As I understand it, calories don’t really exist; they’re just units of measurement. Just like inches, centimeters, meters and yards don’t really exist in the physical world; they’re just concepts, like numbers. They help us measure and calculate things around us, but they don’t exist themselves; you can’t hold a measurement or a number in your hand.

So, as an illustration to help me get my head around it a bit more, would it be analogous to say that the differences between calories from carbohydrates and calories from fat are similar to the differences between the imperial and metric measuring systems? Since I don’t have a good understanding on the subject of calories myself yet, I haven’t gotten much farther with my illustration; I’m kind of using it as a way for me to understand things.

Is this anywhere close to being a good illustration? Should I continue to pursue this line of thinking or is it a dumb idea for an illustration?


(KM) #2

A calorie is a real measurement of heat energy. The trouble with using it in connection with human bodies is that we don’t burn our food. Our digestion is a mechanical and chemical process that has different pathways depending on the molecular structure of the food - there are some things with a caloric value that even pass through undigested at all!

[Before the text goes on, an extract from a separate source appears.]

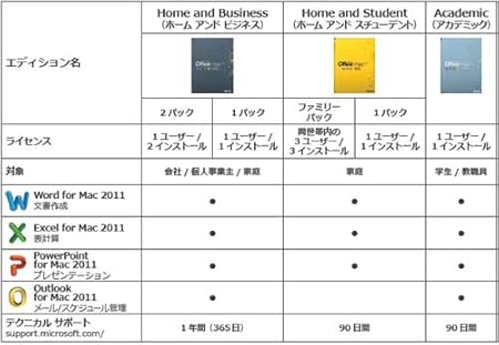 ※ Office for Mac 2011 には、従来の「アップグレード」パッケージがありません。
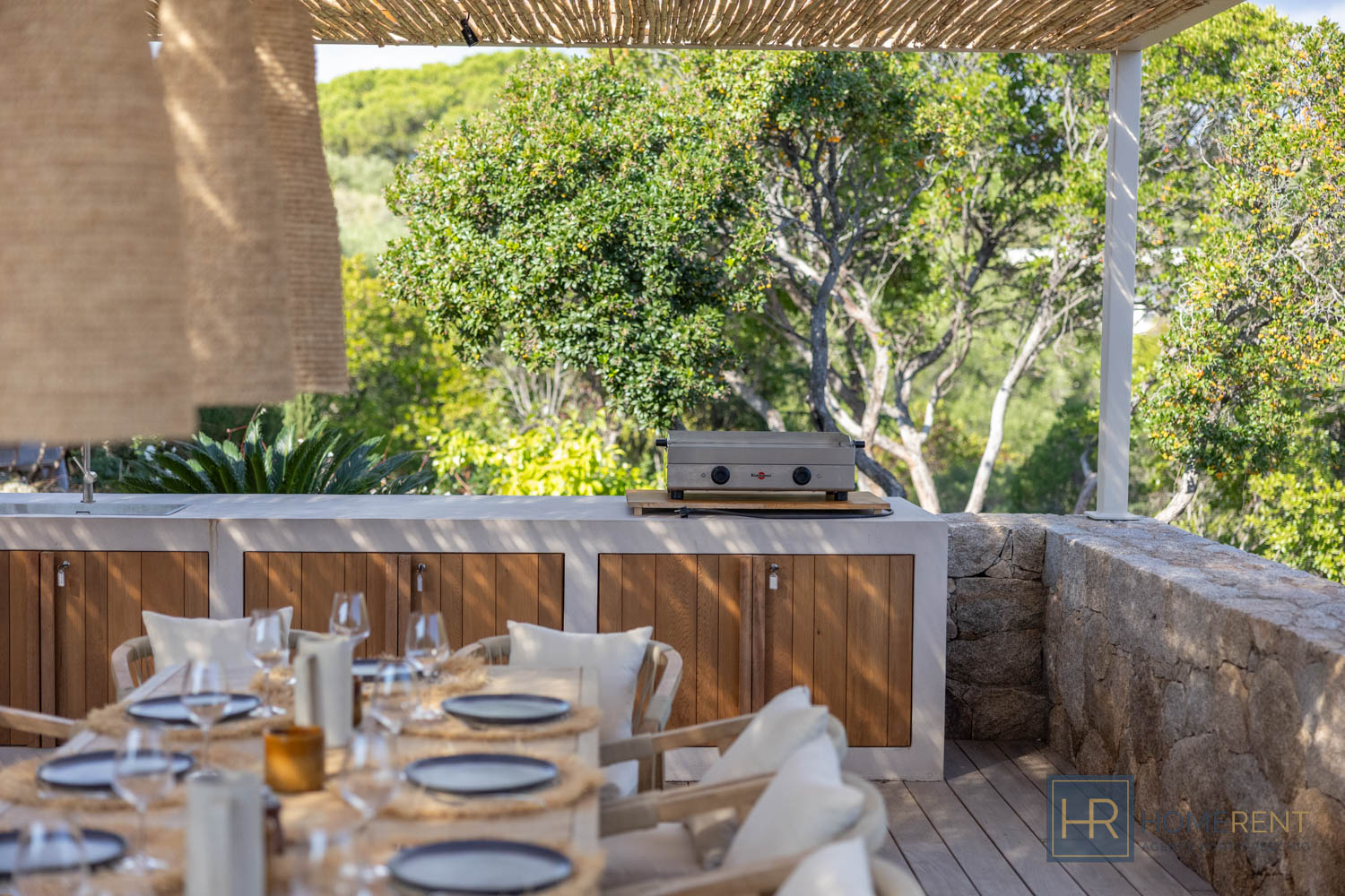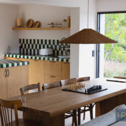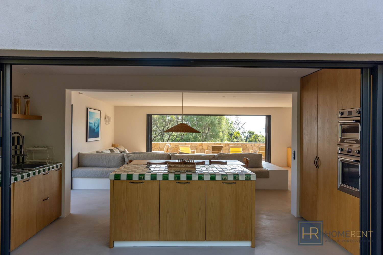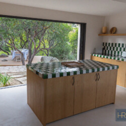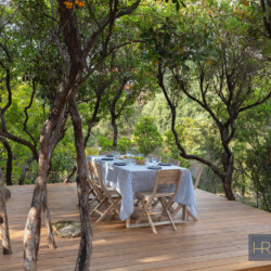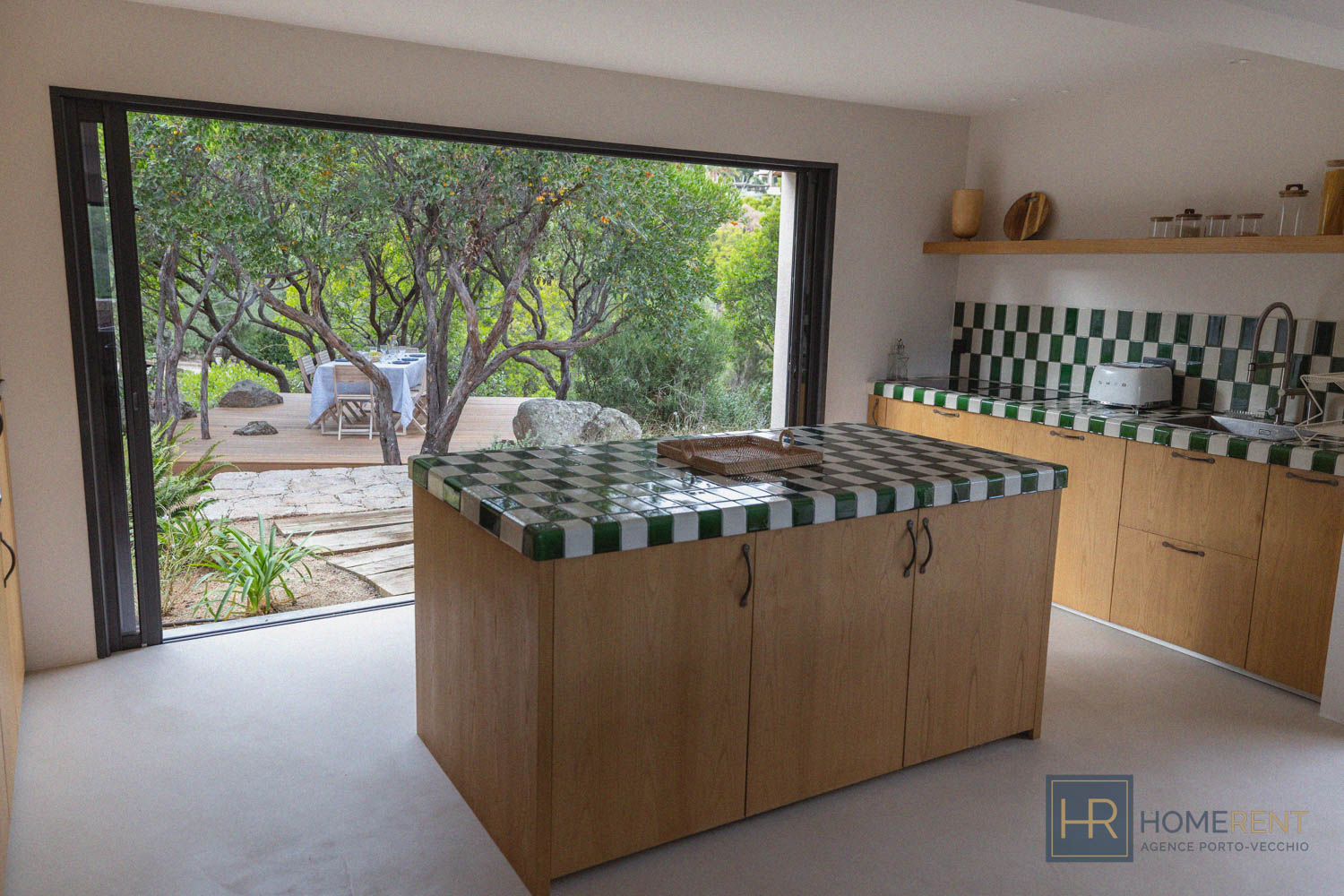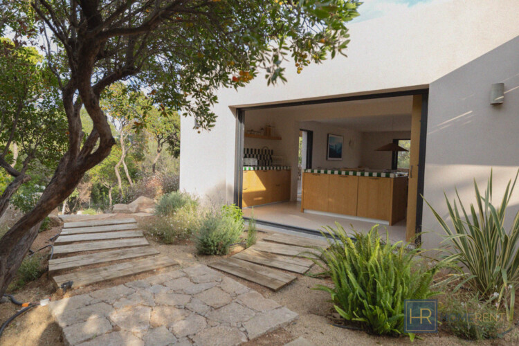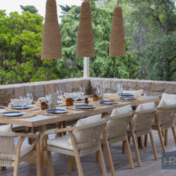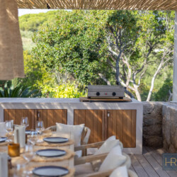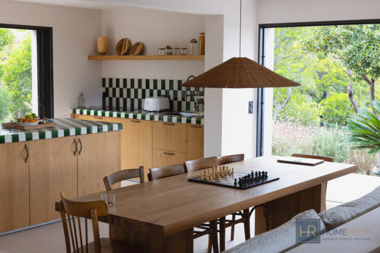 - Cuisine avec îlot central entièrement équipée (grand réfrigérateur, four, lave-vaiselle, cafetière filtre, Nespresso etc…), donnant sur une autre terrasse ombragée avec un 2e espace repas.

Calories do have some place in nutrition theory. Eventually when food is digested and turned into energy, yes, the results will be different based on whether there is a surplus or a deficit, in other words the caloric content of the accessed energy and in a rough way the food itself does matter. But the molecular structure of it matters as well. How much of the caloric energy is accessed, in what process, and how much bodily energy does it take to do so?

As far as an analogy … If you had a car that had a steam engine and a standard gas motor, you could put wood or coal or gasoline into it. But the process and the results in terms of the car’s performance per joule, or engine buildup, or any other measure of effects of burning the fuel might be significantly different.


(Bob M) #3

There was a doctor when I was on Twitter (before it became whatever it is now) who liked to show a picture of 500 calories of sugar and 500 calories of salmon. That was to drive home the point that calories aren’t the same.

If we use 500 calories of pasta versus 500 calories of beef instead, for most (not all) people, that 500 calories of pasta will cause a large blood glucose spike, which will cause all sorts of things to happen: insulin goes up and glucagon down, basically stopping fat burning and putting the body into fat storage mode, just as a beginning. Eating 500 calories of beef will cause some insulin spike, but beef also has fat, which pasta doesn’t. Beef is less likely to turn off fat burning, and there’s no blood sugar spike.

There’s also no real protein in (non-egg-based) pasta, and a much higher amount of protein in beef. Protein typically has a beneficial effect on satiation, and also actually causes the body to expend more energy than do carbs.

The other problem is that we don’t eat “calories”, we eat food. By pretty much any metric, beef beats pasta: protein; iron; a more easily assimilated iron; more B vitamins (unless the pasta is fortified); etc.

I’d guess that for most people, beef will be a lot more satiating than pasta.

Edit: there is a very low fat, very high carb diet that does lessen insulin resistance (think “potato diet”). But it’s unique and, let’s face it, eating really low fat is not fun. Or at least wasn’t for me when I did it.


(Doug) #4

Calories exist. :slightly_smiling_face:

You’re holding calories in your hand right now. Both within the hand tissue itself, and in the air and water ‘in’ your hand if you cup it. :stuck_out_tongue_winking_eye::smile: There are molecules there, and they have heat energy.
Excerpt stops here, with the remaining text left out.